19 mayo 2010

a nosotros no nos pasará esto

ir a ver una exposición con ella era algo exasperante. primero porqué el sonido de sus tacones importunaba a todos y segundo, porqué tenía la manía de adelantarse un par de obras más para luego apremiarme con prisas: debía enseñarme algo muy importante que probablemente a mi se me pasaría por alto. y tenía razón, sobretodo en el segundo punto. a mi se me pasaba todo por alto porqué en realidad me daba igual un cuadro de rothko que una instalación de tracy emin. y si menciono a estos dos, no es porqué sepa quienes son o me gusten su obras. es más bien porqué decidí regalarle los catalogos el día de su cumpleaños y los estuve ojeando un buen rato antes de comprarlos. menuda mierda. me gasté más de cien euros pero supongo que valió la pena: a ella le encantaron, me invitó a cenar y después, a su casa. era un viernes por la noche y no salí de su apartamento hasta el lunes por la mañana. fue nuestra primera cita después de semanas de exposiciones, cafés, cines, retrocesos indeseados y avances prometedores.
ese lunes, cuando entré en la oficina, después de pasar el fin de semana con ella a nadie le pasó desapercibida ni mi sonrisa, ni mis ojeras. a media mañana recibí un mensaje: “tengo ganas de verte”.

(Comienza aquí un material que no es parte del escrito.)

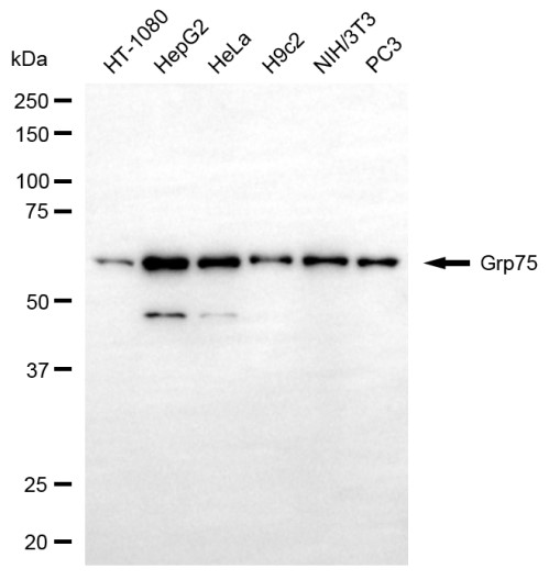 Western blotting analysis using Grp75 antibody. Total cell lysates (30 μg) from various cell lines were loaded and separated by SDS-PAGE. The blot was incubated with Grp75 antibody and HRP-conjugated goat anti-rabbit secondary antibody respectively.
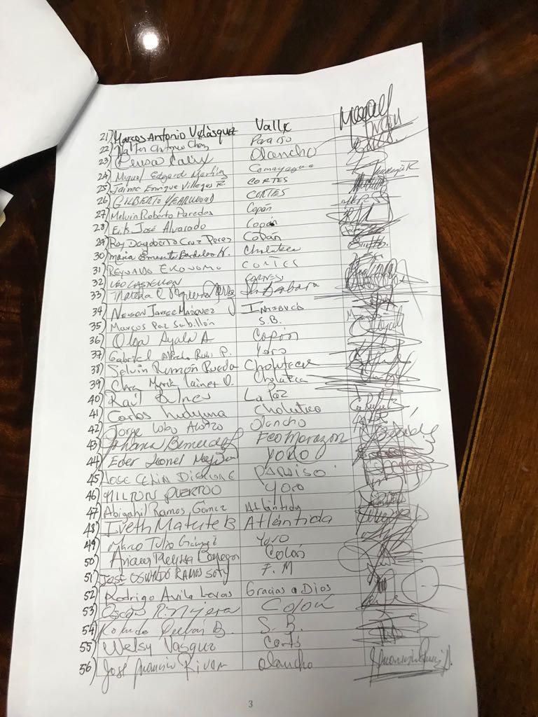 Al ver frustrada su intención los parlamentarios opositores efectuaron una protesta con gritos y rótulos de “fuera JOH”.

a partir de aquí las cosas sólo podían empeorar: nos vimos tres fines de semana seguidos, luego algún dia entre semana, los amigos empezaron a asociarnos juntos y de repente, eramos una pareja y salíamos. y me gustaba. nos entendíamos aunque teníamos poco en común: yo improvisaba, ella planeaba, yo comía carne, ella era vegetariana, yo fumaba, ella no, yo bebía, ella también. algo es algo.
a pesar de las diferencias nos adaptamos bien. sorprendentemente bien, diría yo. no me importó dejar de ver a mis amigos, saltarme un barça-madrid ni ensayar menos con el grupo. ibamos al cine los domingos por la tarde, echabamos largas siestas los sábados depués de comer, le regalé una rosa por san jordi, fuimos quince días de vacaciones en agosto, me compró un reloj para mi cumpleaños y pasamos el 25 de diciembre con su familia y el 26 con la mía.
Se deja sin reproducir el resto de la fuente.